WHAT YOU ARE ASKED TO DO →
Retype only the lines that run from the top of the material below to the line bearing "Experience elegance and", inclusive, and keep the pictures out.

DATA EXCERPT →
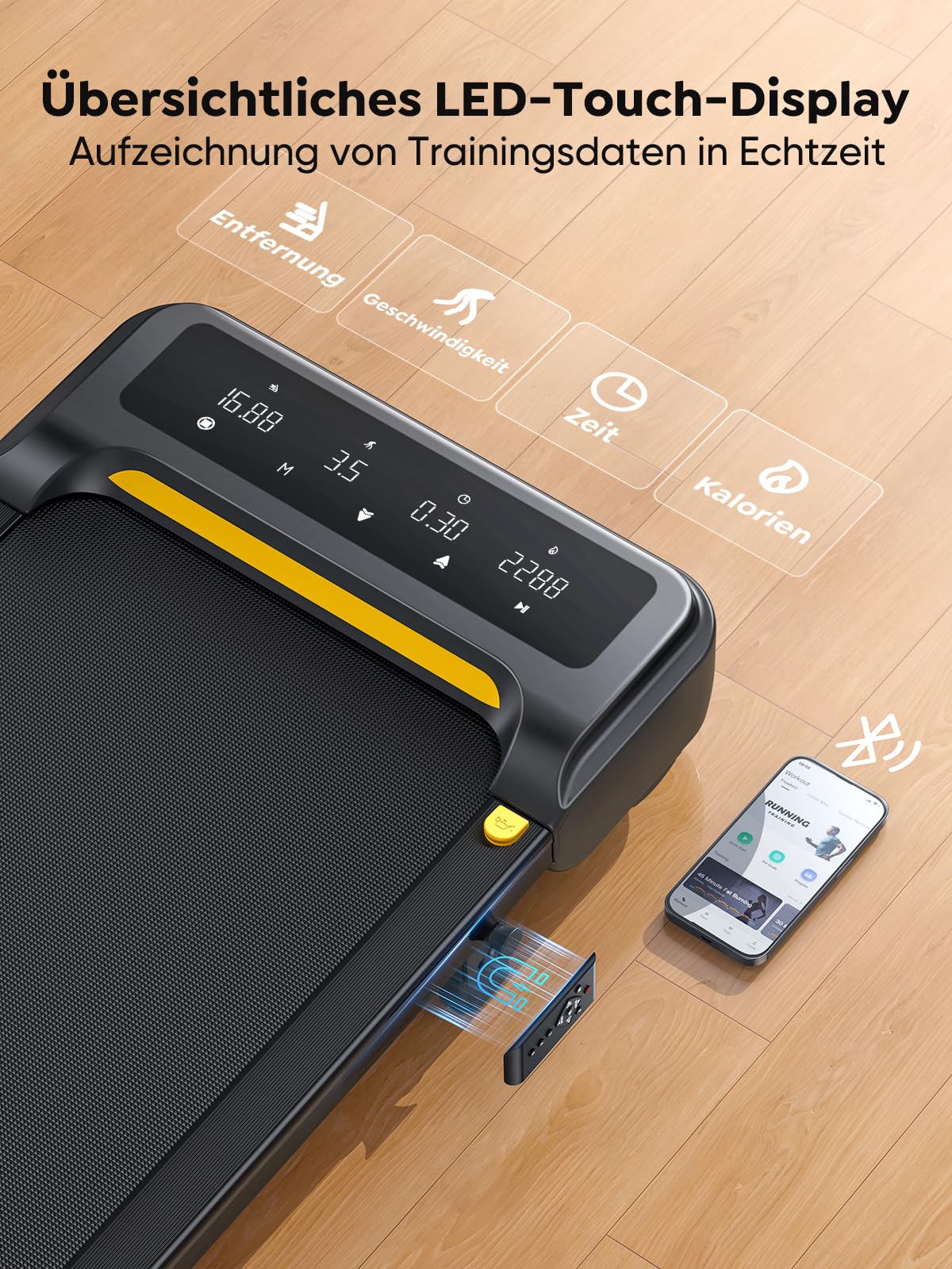 - 【Multifunktionsdisplay und Intelligente App】Das LED-Display zeigt deutlich Zeit, Distanz, Geschwindigkeit und Kalorien an, erfasst Ihren Trainingsstatus in Echtzeit und macht Ihre Trainingsdaten auf einen Blick klar. Dieses Walking Pad kann mit mehreren Sport-Apps verbunden werden und bietet verschiedene Trainingskurse. Sie können online mit anderen Läufern interagieren und sich austauschen und so ein umfassendes Sporterlebnis genießen.
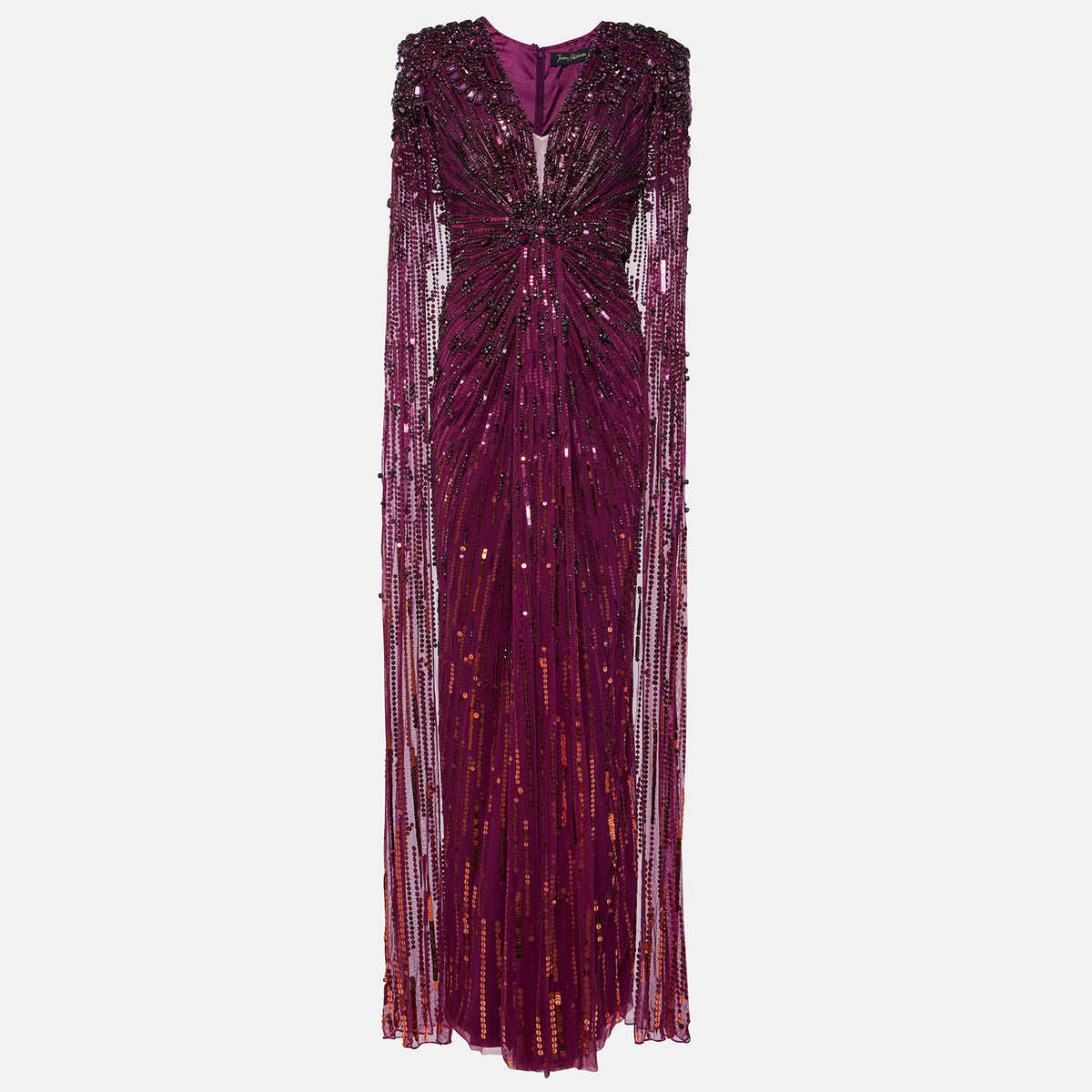 Experience elegance and style in our Sharon Said Luxury Dubai evening dress. The sage green color, fuchsia crystal and gold accents, and attached cape bring sophistication to any formal event. Made for the fashion-conscious woman seeking a unique and stunning look. Elevate your wardrobe with our SS399 design.
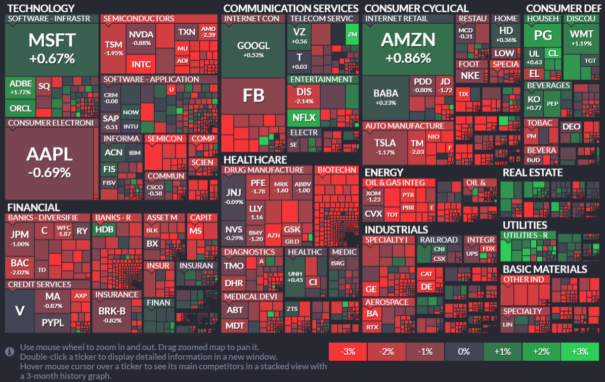 ☑️장초반 관망세로 시작한 증시는 국채금리 안정화에도 불구하고 이내 중소형 성장주 중심으로 매물 출회, 나스닥 빅테크 들은 상대적으로 버티다가 오후 들어 옐런+파월의 의회증언이 특별한 언급없이 끝나며 전체 증시와 함께 하락세 마감

YOUR SOLUTION →
 - 【Multifunktionsdisplay und Intelligente App】Das LED-Display zeigt deutlich Zeit, Distanz, Geschwindigkeit und Kalorien an, erfasst Ihren Trainingsstatus in Echtzeit und macht Ihre Trainingsdaten auf einen Blick klar. Dieses Walking Pad kann mit mehreren Sport-Apps verbunden werden und bietet verschiedene Trainingskurse. Sie können online mit anderen Läufern interagieren und sich austauschen und so ein umfassendes Sporterlebnis genießen.
 Experience elegance and style in our Sharon Said Luxury Dubai evening dress. The sage green color, fuchsia crystal and gold accents, and attached cape bring sophistication to any formal event. Made for the fashion-conscious woman seeking a unique and stunning look. Elevate your wardrobe with our SS399 design.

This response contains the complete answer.